The learned justice before whom this cause was tried wrote a very full and careful opinion. We adopt his opinion, and shall only examine a few points specially urged on this appeal.
1. It is urged that a recovery for the taxes of 1881 is barred by the statute of limitations. This action was commenced December 24, 1888. The cause *512of action arose when these taxes were misappropriated. Strough v. Supervisors, 119 N. Y. 212, 23 N. E. Rep. 552. They were so misappropriated when taxes which should have been otherwise used were used for the benefit of the county. Id. The court found that the money collected for the year 1881, now in question, was so used by the county treasurer on or before February I, 1883. The amount for that year was $100.50. The appellant urges that, inasmuch as the state tax had been paid by the county before November 10, 1882, the misappropriation must have been made before that time. But the money now in question was not kept separate. It went into the county treasurer’s hands, mingled with other money; and on the 10th of November, 1882, he had money on hand, not expended, amounting to $248.68, which amount was more than the moneys in question. He could therefore at that time have paid the money in question where it should have been paid. If he had once paid the state by this amount, still it cannot be said that there was a misappropriation, so long as the county treasurer had remaining in his hands moneys raised in the year out of which he might have paid the present claim. There had been a deficit from the previous year, so that the money in his hands did not come from that year.

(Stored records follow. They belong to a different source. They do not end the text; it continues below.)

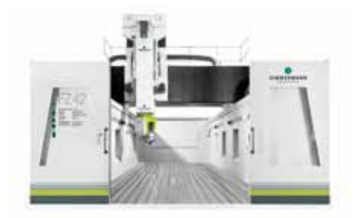
HSC (high-speed cutting) portal milling machine

Portal milling machines are used for machining large workpieces. Travel distances of 45 metres, portal weights of 20 tons and process forces of 50 kN when milling steel materials are typical specifications for these applications. Maximum precision and uniformity must be ensured in the drive train in order to achieve optimal workpiece accuracy and surface quality. The absolutely precise systems from WITTENSTEIN alpha are a great advantage here: two master-slave systems in a portal arrangement produce feeding forces of up to 180 kN, while the electronic tensioning in the master-slave setup provides accuracies of up to 5 µm.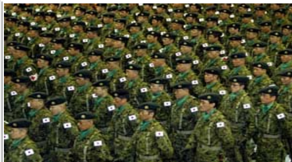
READY TO GO: Japanese Self Defense Force troops sent to Iraq mark the nation's first military deployment to an overseas war zone since World War II

strengthened on global affairs.” According to the three bills for military emergencies, when Japan, or its neighboring regions, has an emergency, the country is supposed to afford civilian land for U.S. troops to build up military positions, as well as offer materials and labor services. If necessary, it will also support the U.S. Army with ammunitions. In return, Japan can receive similar support from the United States, wherever it dispatches overseas troops worldwide. In this way, the function of Japanese military forces realized a transition from “invasion defense” to “overseas intervention.”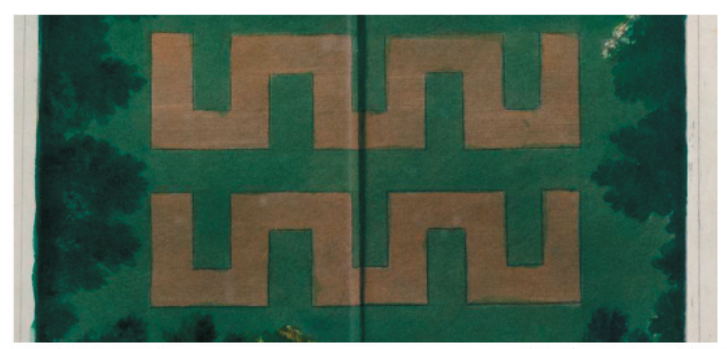
Watercolor, Serpintine Garden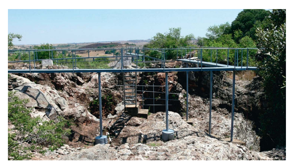
Figure 2. Sterkfontein cave site - place of discovery of Australopithecus africanus

Apart from the "Taung Child" (a partial skull together with a natural endocast <sup>3</sup> of the brain), other best known australopith individuals, who received nicknames, are: "Mrs. Ples" (complete cranium), found by Robert Broom (1947) at Sterkfontein, and "Little Foot" (a spectacular near-complete skeleton), whose bones were first found in 1994 in a box, and subsequently in-situ between 1997-99 by Ron Clarke (1998), also within the Sterkfontein cave system. The most recent discovery included the remains of two individuals (which were given a new species name – Australopithecus sediba ), found at Malapa by Lee Berger in 2008.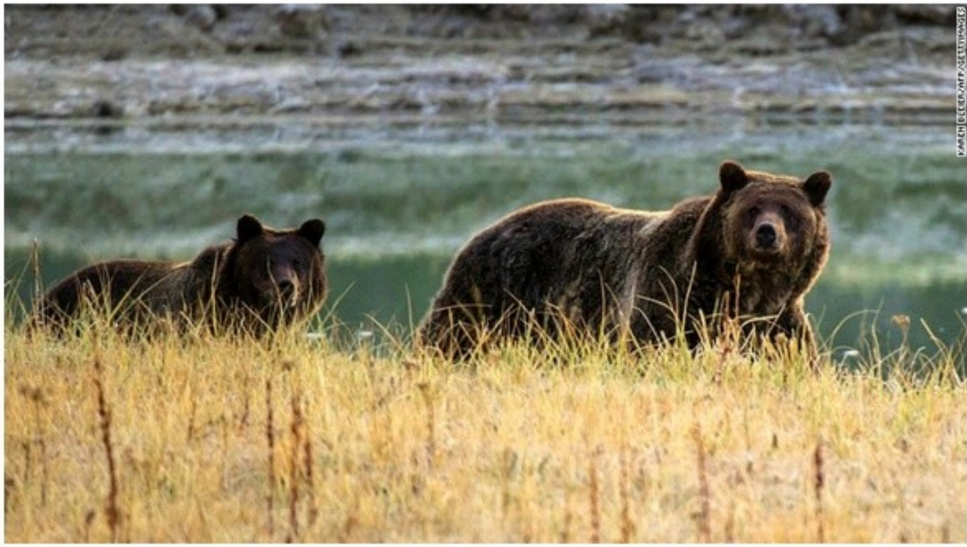
A grizzly bear mother and her cub walk near Pelican Creek in 2012 in Yellowstone National Park.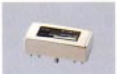
FL-52A CW NARROW FILTER Center freq.: 455 kHz Bandwidth: 500 Hz/-6 dB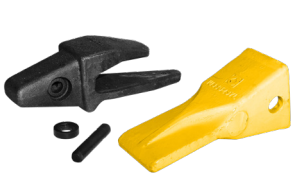
Tooth kit, type Cat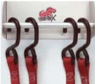
Item: SP8SHA Description: STRAP HANGER 4.5"Hx 8"Wx3"D NO MORE TANGLED STRAPS OR BUNGEE CORDS THIS IS THE PERFECT WAY TO HANG THEM SOLD EACH USE TWO TO HOLD THEM EVEN BETTER ONE ON TOP AND ONE ON BOTTOM ABOUT 2' APART OR SO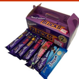
Cadbury BLOCKS BOX 36 Pack 45g – 60g $2.00 RRP x 6 Carry Packs

The bars are $2 each. There are 36 bars in each box. The whole box is worth $72.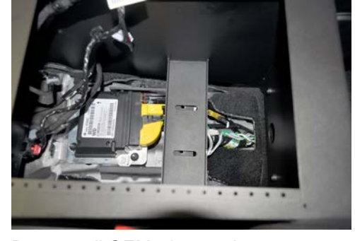
Reroute all OEM wires and reconnect.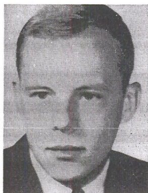
. . . AS COLLEGE SENIOR . . .

Again, the appellant claims that the taxes of 1887 could not be included in the recovery, because the finding of the court is that they were misappropriated on or before February 1, 1889, which was after the commencement of the action. There is a special finding that these taxes were not paid or used for the benefit of the county until after January 1, 1889. The complaint demands a judgment for the amount of these taxes, and that they be levied and collected from the taxable property, and paid to the treasurer to cancel bonds of the town, and for investment as a sinking fund. The judgment is to the same effect. This is, then, not simply an action for the recovery of money. It is to compel the levy of the amount, the payment thereof on bonds, and the investment of the same pursuant to statute. It is then an action in equity, according to the distinction made in Code, §§ 968, 969, and according to the old law. But it has always been the rule in equity cases that such relief may be granted as the facts existing at the close of the litigation may demand. That rule applies here.
The next point of the appellant is that in chapter 283, Laws 1871, where the language is, “all taxes, except school and road taxes, collected,” etc., the words “school taxes” refer to the tax imposed by the state for the maintenance of common schools. Hence the appellant insists that the recovery should be reduced by $476.66, that being the aggregate of the state tax for those levied to maintain common schools. We think it is plain that the words “school and road taxes ” refer to local taxes for school purposes and for road purposes. The tax imposed by the state is called a.“state tax,” not a “canal tax” or a “school tax” or a “general fund tax.” As remarked in Clark v. Sheldon, 106 N. Y. 110, 12 N. E. Rep. 341, “it must always be easy for the collector to make the proper deduction of school and road taxes.” It would certainly be impossible for him, from any papers in his hands, to deduct that proportion of the state tax which is raised for the maintenance of common schools. The meaning, therefore, of the words “school and road taxes” is plainly intimated in that opinion. It is unnecessary to say more on this.
Another point is that the supervisor of this town, in 1888, submitted this matter to the board of supervisors at its annual meeting, and it passed upon the same, and decided not to levy the tax. Hence the appellant says that plaintiff’s remedy was by certiorari or mandamus. That such an action as the present will lie is settled by the Strough Case, ut supra, and by the Bridges Case, 92 N. Y. 570, and the Newman Case, 45 N. Y. 676. The question, then, is whether the application to the supervisors, and their refusal, is a bar. We think not. There was no adjustment of amount needed. The amount was settled. Possibly a mandamus might have issued to compel the *513board to act. But the plaintiff was not limited to that remedy. These are the points which are specially brought to our notice. On the general question involved in the case, we follow the opinion of Justice Mayham, at special term, without repeating what he has said. Judgment affirmed, with costs.